Low concentrations of adenosine receptor blocker decrease protection by hypoxic preconditioning in ischemic rat hearts

A role for adenosine in ischemic preconditioning and hypoxic preconditioning (HP) has been established in several species but is controversial in rats, due in part to the inconsistency of the data from the different experimental design. Our objective was to investigate the role of adenosine in the protection of the ischemic myocardium by HP in rats.
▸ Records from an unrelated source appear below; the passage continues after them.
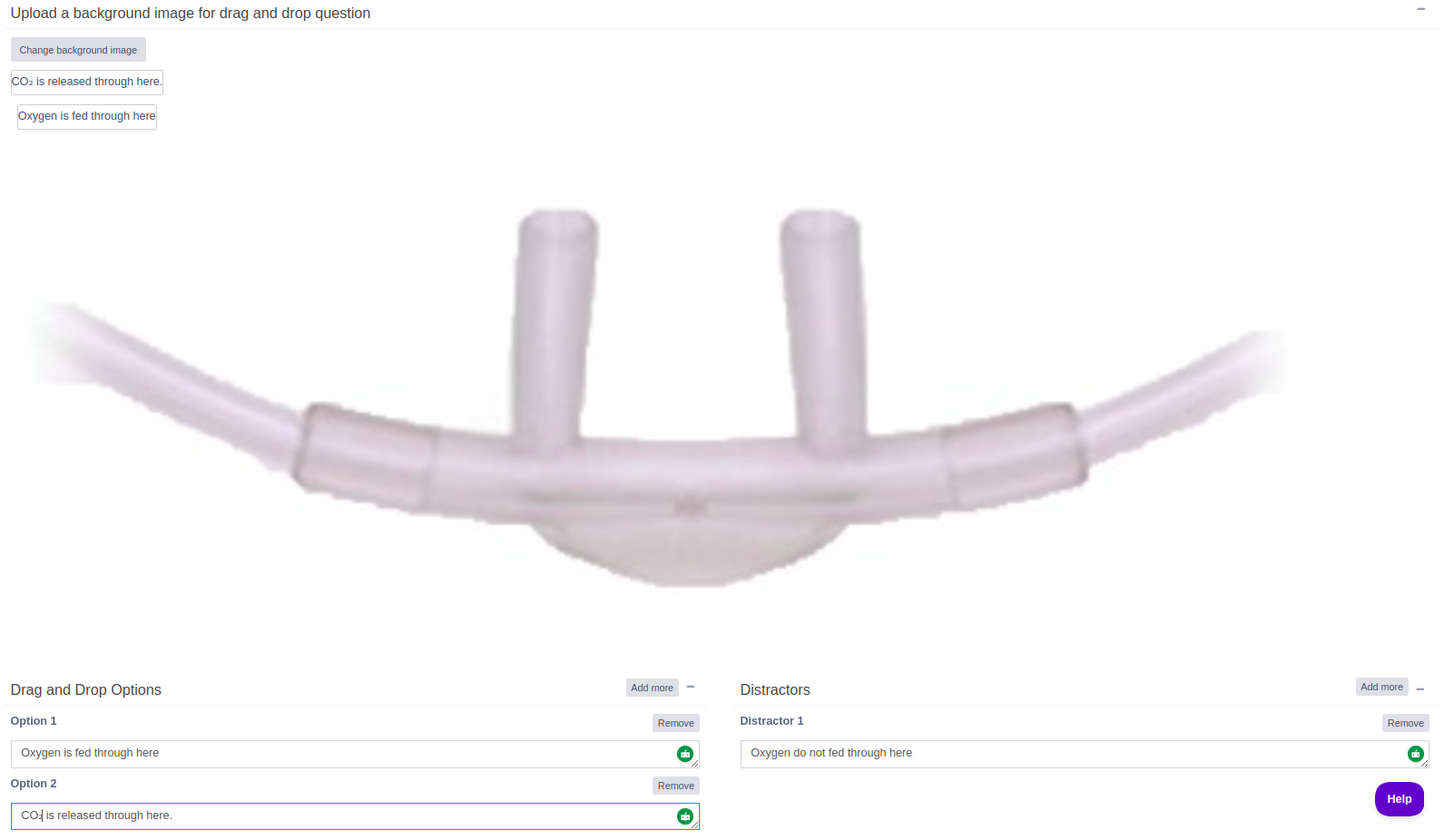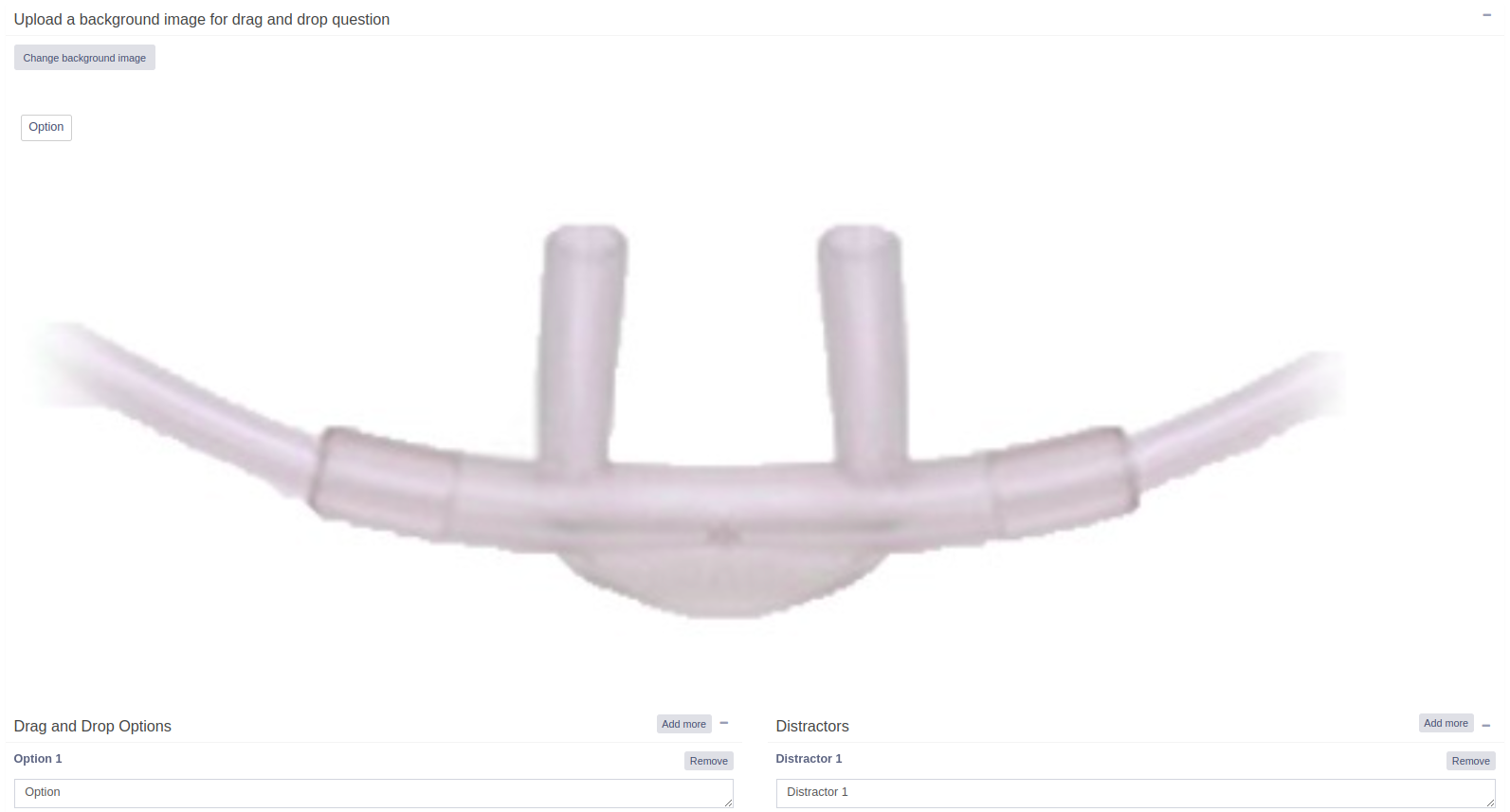 Next, enter the drag-and-drop options and distractors in the corresponding text boxes, as shown in the image above. You can add additional options and distractors by clicking the Add More button. Once completed, the configuration will appear as shown below.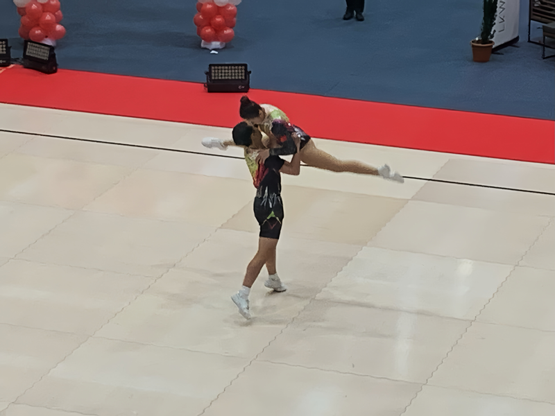 在成年组混合双人操项目中,王艺润与黎炫东从舒展连贯的难度技术动作,到精准同步的操化内容转换,全程节奏一致、协作流畅自然,获得该项目银牌。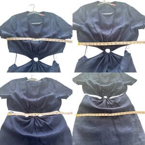 Staud Epona Sheath Dress Large Ring Detail Short Sleeve Cutout Linen Mini Navy L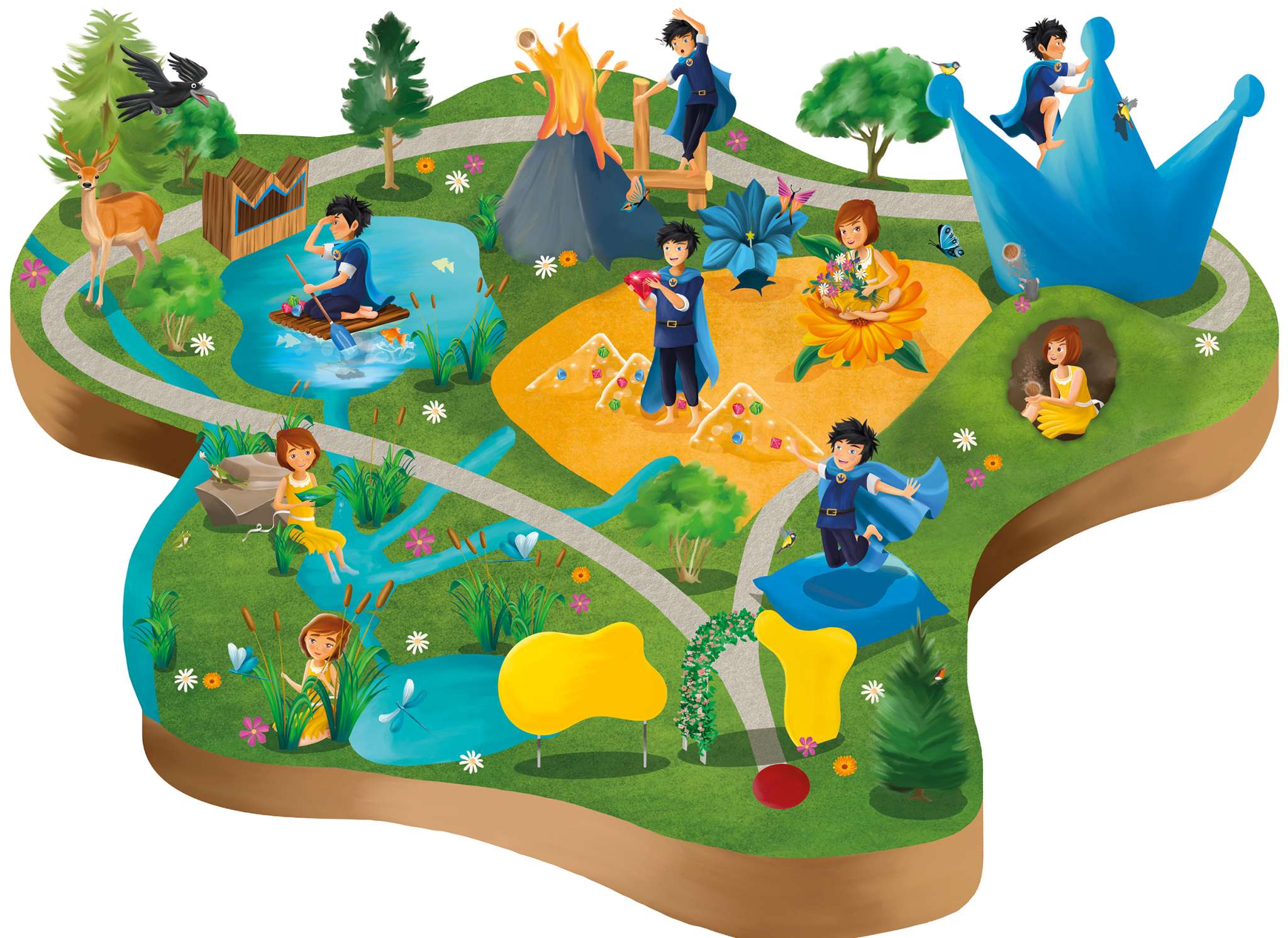 9 stations d'aventure avec des énigmes et beaucoup d'informations sur les plantes et les animaux ainsi qu'un parc à boules ne demandent qu'à être découverts par toi. Une couronne d'escalade, un monde aquatique avec des radeaux, des jeux d'eau et un étang de koïs t'invitent à de nouvelles aventures. Ou alors, tu peux faire des envolées insoupçonnées sur le trampoline géant.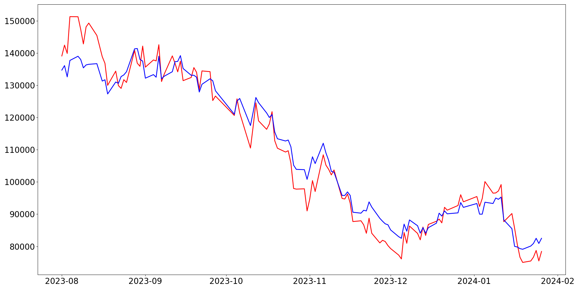 [ - : 실제값(종가) / - : 예측값(종가) ]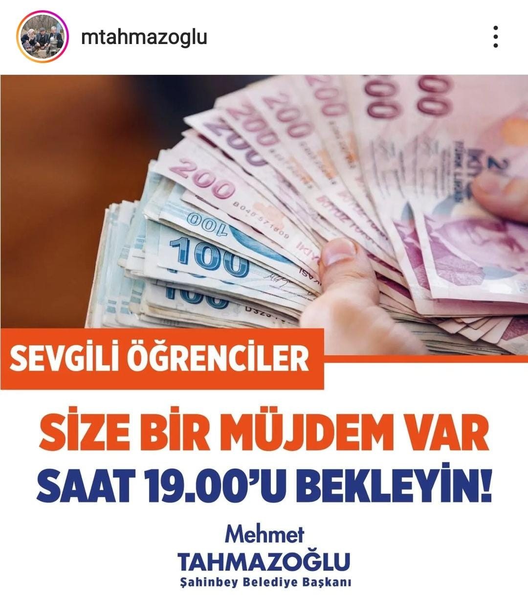 Yapmış olduğu gıda, tekstil ve nakti desteklerin yanı sıra geleneksel hale getirdiği öğrencilere ayakkabı ve bisiklet yardımlarını aralıksız sürdüren Başkan Tahmazoğlu, öğrencileri her yıl Çanakkale gezikeriylede ödüllendiriyor, yaptığı destek projeleri saymakla bitmeyecek Şahinbey belediyesi desteklerin bugün bir yenisini eklemeye hazırlanan Başkan Tahmazoğlu sosyal medya hesabından öğrencilere bir müjde var saat 19.00'u bekleyin diyerek yeni bir desteğin müjdesini verdi. Şimdi öğrenciler merakla saat 19.00'u bekliyor, paylaşımında kullandığı görselle maddi bir destek projesi olduğu tahmin edilen müjde saat 19.00'da Belediye Başkanı Mehmet Tahmazoğlu tarafından açıklanacak..

Methods: perfused hearts isolated from Sprague-Dawley rats were exposed to 5 min of hypoxic perfusion before 25 min of global ischemia followed by 20 min of reperfusion. The effects of adenosine receptor antagonist, 8-(p-sulfophenyl)-theophylline (8SPT) on HP-based changes in left-ventricular function, energy metabolites, and release of creatine kinase and lactate dehydrogenase were determined. To minimise non-specific effects of 8SPT, low concentrations of agent (0.5 or 1.0 micro mol/l) were used. Results: 8SPT alone had no deleterious effects on normoxically perfused hearts or on ischemic/reperfused hearts. HP improved the recovery of LV function and creatine phosphate, and reduced the release of enzymes during reperfusion. 8SPT (1.0 micromol/l) ameliorated the beneficial effect of HP on cardiac function, but did not reverse the reduction in release of enzymes by HP completely. Conclusion: results suggest that the protective effect of HP on myocardial contractile function may be mediated by receptor(s) that can be inhibited by low concentrations of antagonist but may not have a primary role in the reduction of cellular damage by HP in rats.     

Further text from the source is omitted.